By Ernst Lamothe Jr.
Now with the summer in full swing and people outside for longer periods of time, there is a risk that you could be enjoying yourself while damaging your skin.
“One in five Americans will develop skin cancer in their lifetime. Skin cancer is preventable with strict sun protection and optimal skin care,” said physician Mara Weinstein, assistant professor of dermatologist at the University of Rochester Medical Center. “The skin is the largest organ on the body and maintaining a healthy skin barrier with adequate moisture will help prevent infection and improve skin conditions like eczema.”
Weinstein, who sees patients at UR Medicine Dermatology’s College Town location in Rochester, discusses five facts about proper skin care.
1. Myths abound around skin care
Everyone has their own personal view about skin care, whether that is the kind of sunscreen you should put on, while others believe the natural rays of the sun should glisten your skin without sunscreen, especially on cloudy days.
“In fact, we know 80% of ultraviolet rays will penetrate through cloud cover,” said Weinstein. “Another myth is that darker skin individuals don’t have to wear sunscreen, but the truth is sun exposure in the form of UV rays can lead to premature aging, damage DNA cells, contribute to the formation of sun brown spots and worsen hyperpigmentation.
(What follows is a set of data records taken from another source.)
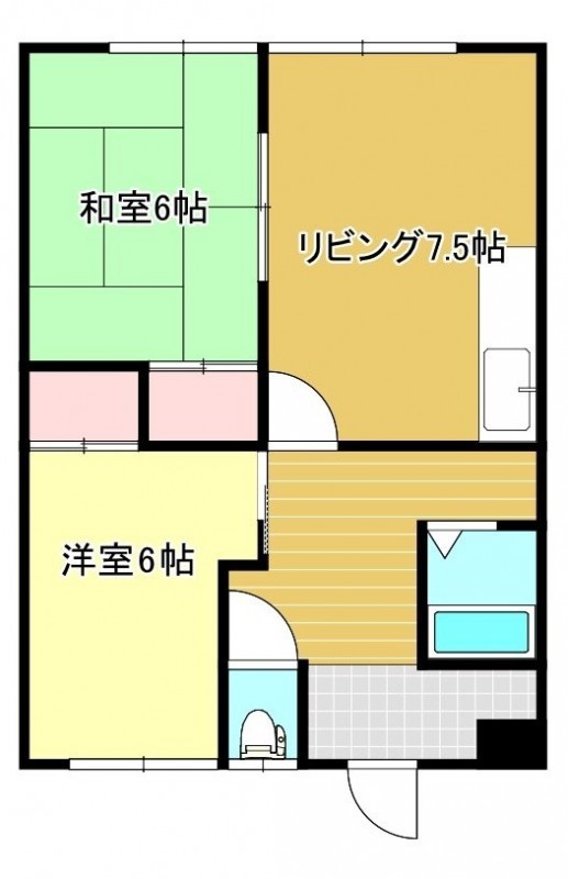 2DK(47.07m²)└ DK7.5帖 洋室6帖 和室6帖
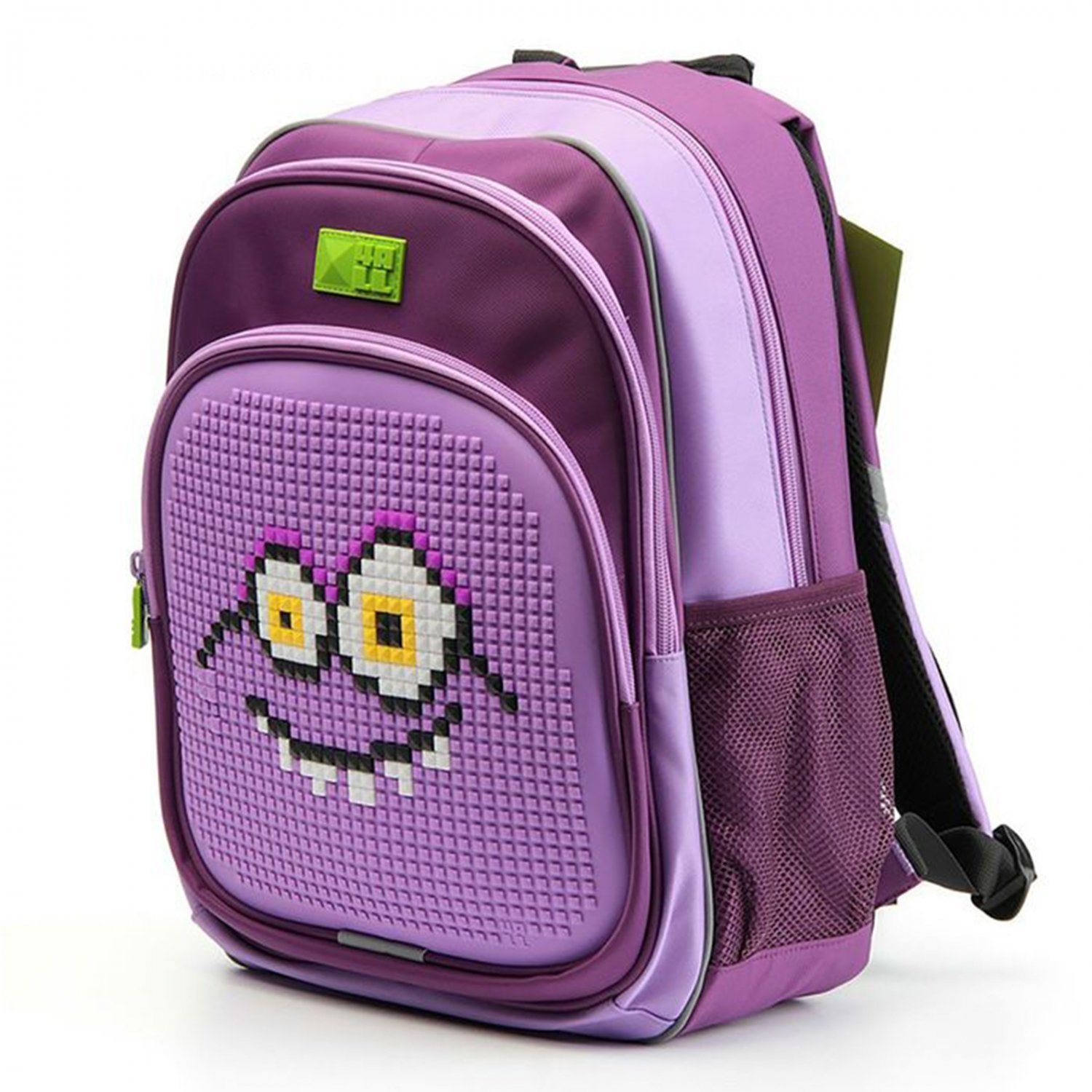 Рюкзак является не только прекрасным помощником в переносе вещей для школьников, производитель дополнил модель съемными пикселями и полем. Мозаичные биты в любое время можно снимать и заново делать картинки, занятие развивает воображение, мелкую моторику и интеллект. Аксессуар никогда не надоест ребенку, потому что каждый день можно самостоятельно изменять дизайн и создавать новые творческие шедевры одновременно.
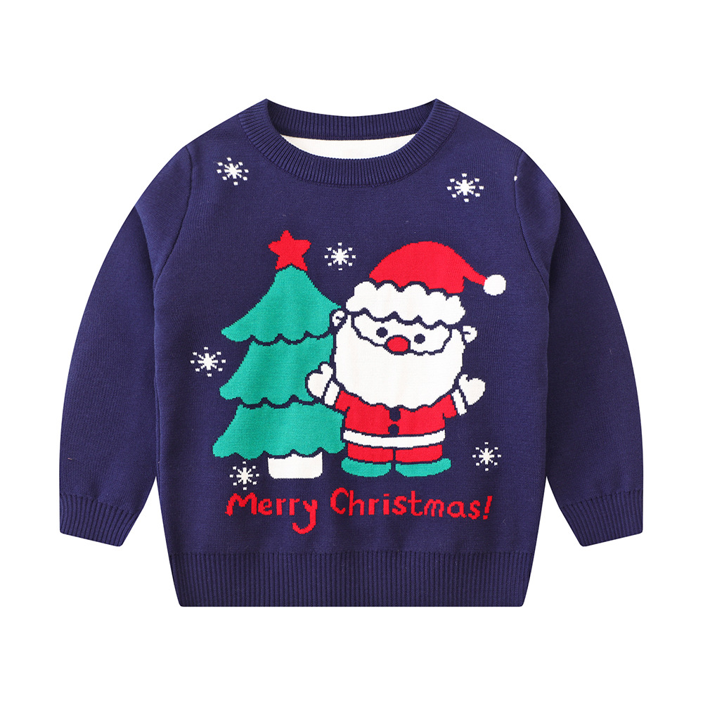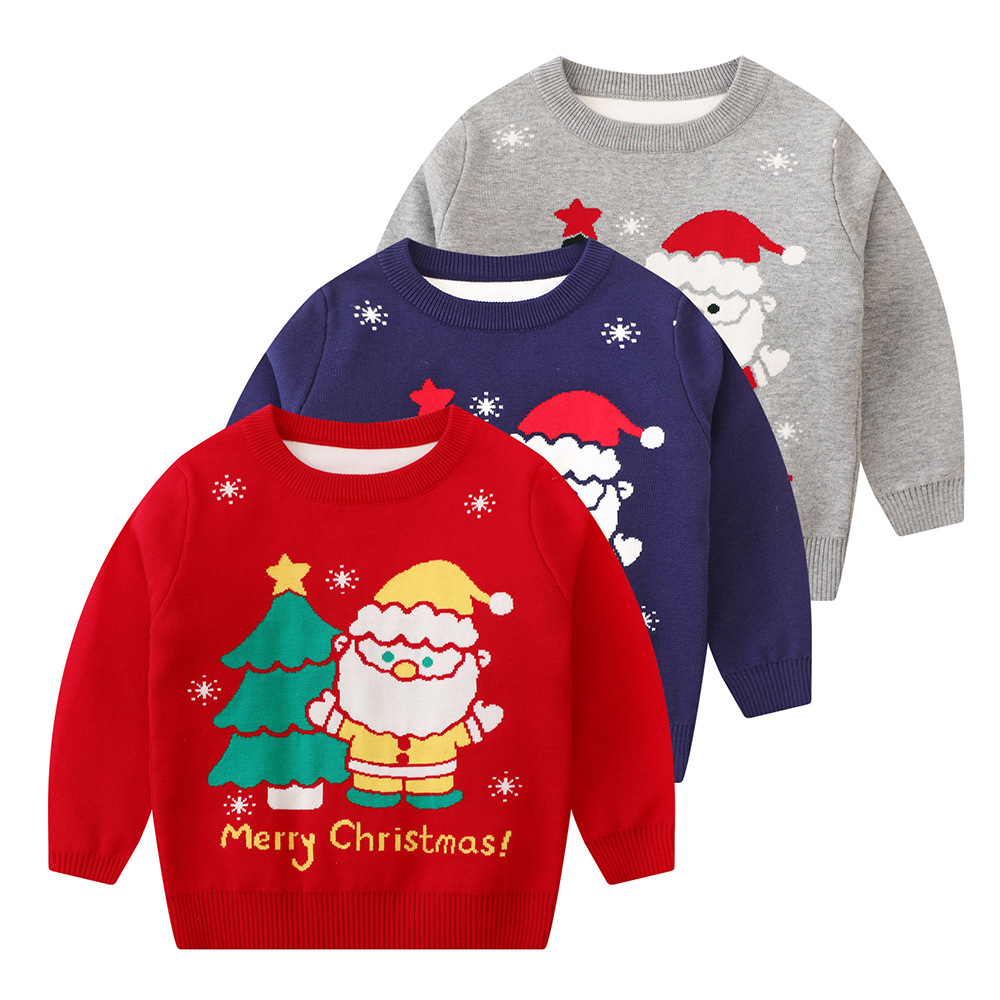 국경 간 어린이 스웨터 소년 가을, 겨울 2024 새로운 산타 클로스와 나무 가을 스웨터 재고 있음 도매스토어 가기
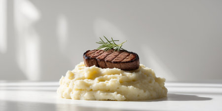 AI Generated. Grilled beef medallion on mashed potatoes
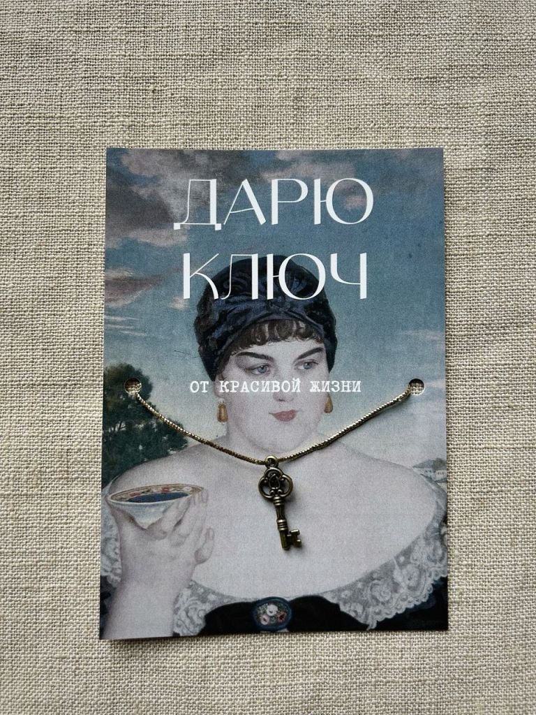 Открытки бренда отличаются качественной, приятной на ощупь шелковой ламинацией. Она помогает изделию надолго сохранить свой внешний вид и придает эстетичный матовый финиш. С обратной стороны предусмотрено место для памятной даты, подписи и имени отправителя. Каждый ключик уникален и может отличаться, но все равно останется очень красивым и аутентичным. В комплекте также есть крафтовый конвертик Радуйте любимых каждый день и пусть искусство всегда будет с вами.
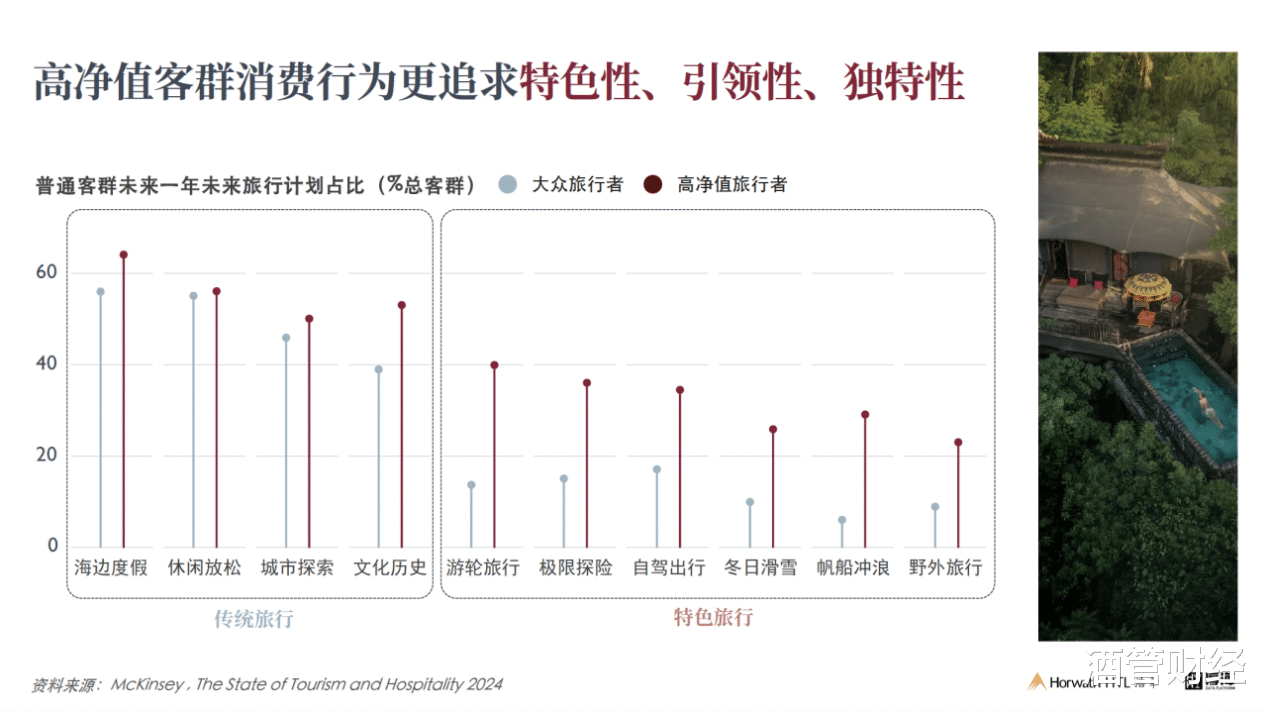 麦肯锡2024年《Updating perceptions about today’s luxury traveler》报告指出,净资产在10万至100万美元的客群已占据奢旅市场的35%,他们的核心需求是新奇感、文化历史感、真实体验,而非单纯的标准化高端设施。
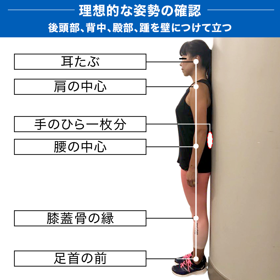 正しい姿勢は、壁に背中をつけて確認することができます。踵、殿部、肩、後頭部を壁につけて立ち、腰に手のひらが一枚入るくらいの姿勢が余分な負担をかけずに活動できる姿勢です。胸の筋肉や太ももの前、裏の筋肉、股関節の筋肉の柔軟性が低いと正しい姿勢を維持することができませんので、ストレッチングを習慣化させてください。また腹筋など体幹部の筋力向上も膝関節への負担を軽減させてくれます。ストレッチングと合わせて腹筋をはじめとした体幹部のトレーニングも行ってみてください。
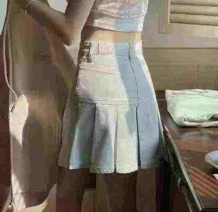 7.8清278件女牛仔百褶裙夏季新款水洗棉 靓妹辣妹高腰显瘦小众百搭半身裙 ...
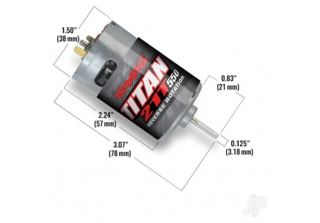 - Motor: Titan® 21T reverse rotation – high-torque brushed motor with internal cooling fan
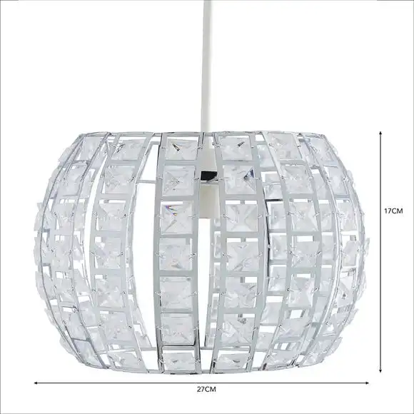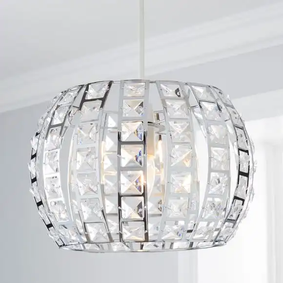 Fashioned with slightly curved vertical strips of acrylic clear jewels, this unique ceiling pendant will bring an art deco, sophisticated feel to your interior.
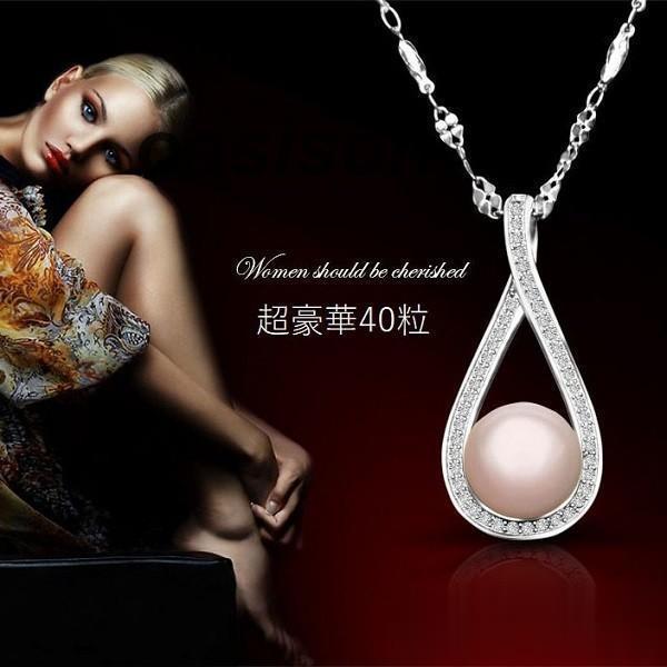 ネックレス レディース 一粒パール 真珠 超豪華40粒 雫 天然貝パール プラチナ仕上げ シルバー925 女性 妻 嫁 母 クリスマスプレゼント
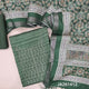 Sage Green semi gicha unstitched salwar material (textured, lining needed) thread & sequins work on yoke, matching silky bottom, digital printed silk cotton full length dupatta with tassels. JA261412
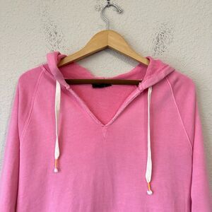 NWOT J. Crew Garment Dyed V-Neck Cotton Terry Hoodie Larkspur Pink *FLAW*
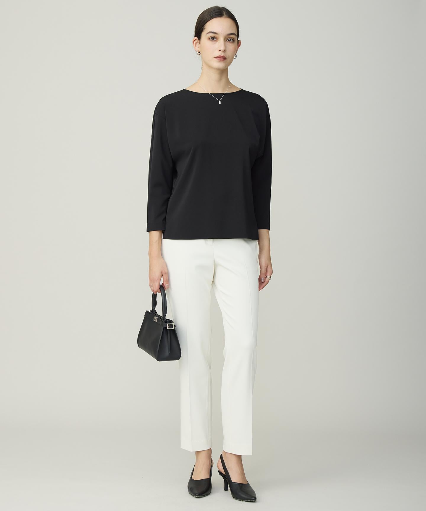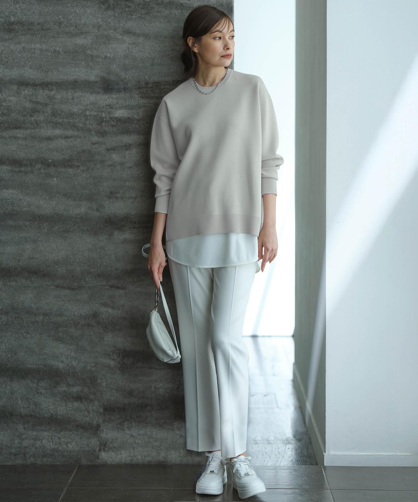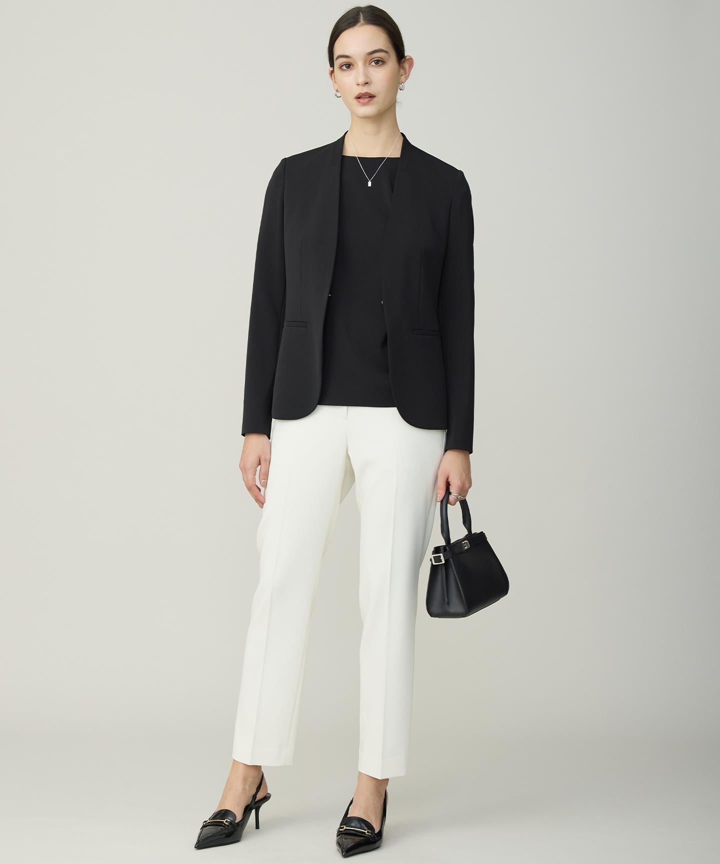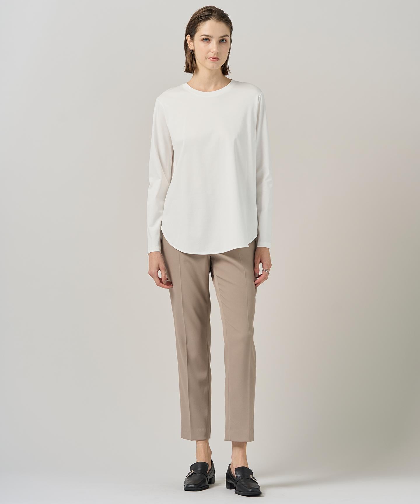 ■デザインキレイめで使いやすいスティックパンツです。センタープレス入りで、縦のラインが強調され、脚長効果や美脚効果も期待できます。ウエスト部分はゴム内蔵のスマートバック仕様で、ラクな履き心地なのも嬉しいポイント。トップスを選ばず、カジュアルからビジネスまで幅広いシーンで活躍する万能アイテムです。オフホワイトのみパワーネットを使用し、透けにくい仕様にしています。
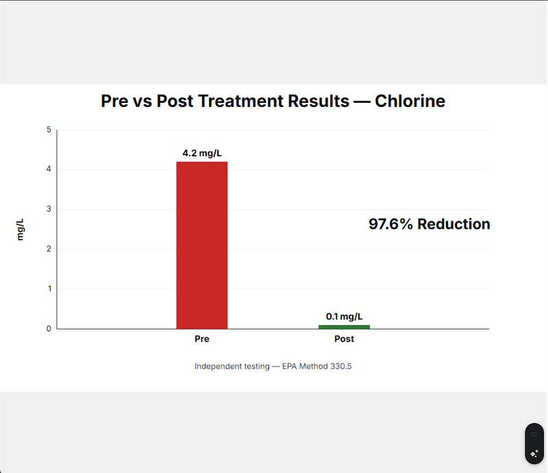 - Superior Efficacy: Filtration reduced chlorine by 97.6% and lead by 98.6%, leading to stronger scalp barrier function and healthier hair. [5]

Darker skinned patients can also develop skin cancer, although the risk is less.”
Ultraviolet rays can also penetrate through window glass, so sunscreen is essential if you work close to a window throughout the day or if you are driving. Many times people forget to apply sunscreen to the backs of their hands.
“I see many patients with brown spots and precancerous lesions on the backs of their hands,” said Weinstein.
She also recommendations opting for sunscreen with active compounds such as titanium dioxide and zinc oxide. These are natural compounds that sit on the surface of the skin and deflect sunlight so that UV radiation doesn’t penetrate the skin.
2. Sunscreen for babies
The American Academy of Dermatology recommends that babies younger than 6 months old not to wear sunscreen. Instead, they should wear sun protective clothing with a UPF of 50 or higher, avoid the peak hours of sunlight exposure between 10 a.m.-2 p.m. and also seek shade when outside.
“For babies older than 6 months old, sunscreens with mineral blockers are safe to use. They should be applied at least 15 minutes before going outside and reapplied every two hours with consistent sun exposure,” said Weinstein.
3. Importance of vitamin C serum.
Vitamin C is an antioxidant and protects your skin from free radical damage and oxidative stress caused by UV exposure and pollution. This can lead to skin aging and wrinkling in addition to the development of solar lentigines or sun spots. The antioxidant properties of vitamin C help fight free radicals and damage caused by UV radiation.
“It is an essential part of a daily skin care routine and should be applied in the morning after cleansing and before sunscreen,” she said.
4. Wear hats
Hats are an essential part of protecting your skin from the sun. A wide-brimmed hat is preferable because oftentimes we will see skin cancers develop on the top of ears, tip of nose and back of the neck where a regular baseball cap would not cover.
“Wide brimmed hats will protect your skin in these often forgotten areas. Let’s not forget the importance of protecting the scalp as well,” said Weinstein.
5. Daily skin care
Skin care regimen recommendations will vary based on skin type, age and specific concerns such as acne, dry skin, aging skin. In general, a skin regimen will consist of a vitamin C serum in the morning paired with sunscreen (SPF 30 or higher) and a retinoid or retinol cream at night, which helps promote cell turnover leading to increased collagen production and clear pores.
In your 20s, Weinstein recommends washing at least once daily with a gentle cleanse and applying an antioxidant serum to prevent free radical damage from sun and pollution. In your 30s, add a cleanser with Alpha hydroxy acid (AHA) like glycolic acid to gently exfoliate two to three times weekly and continue a daily antioxidant serum. In your 40s, use a rich moisture cream at all times containing lipids and ceramides to restore moisture barriers, which is lost with age and choose an eye cream with peptides and growth factors. In your 50s, cleanser or cream with an AHA like glycolic acid once or twice a week, antioxidant serum and eye and neck cream.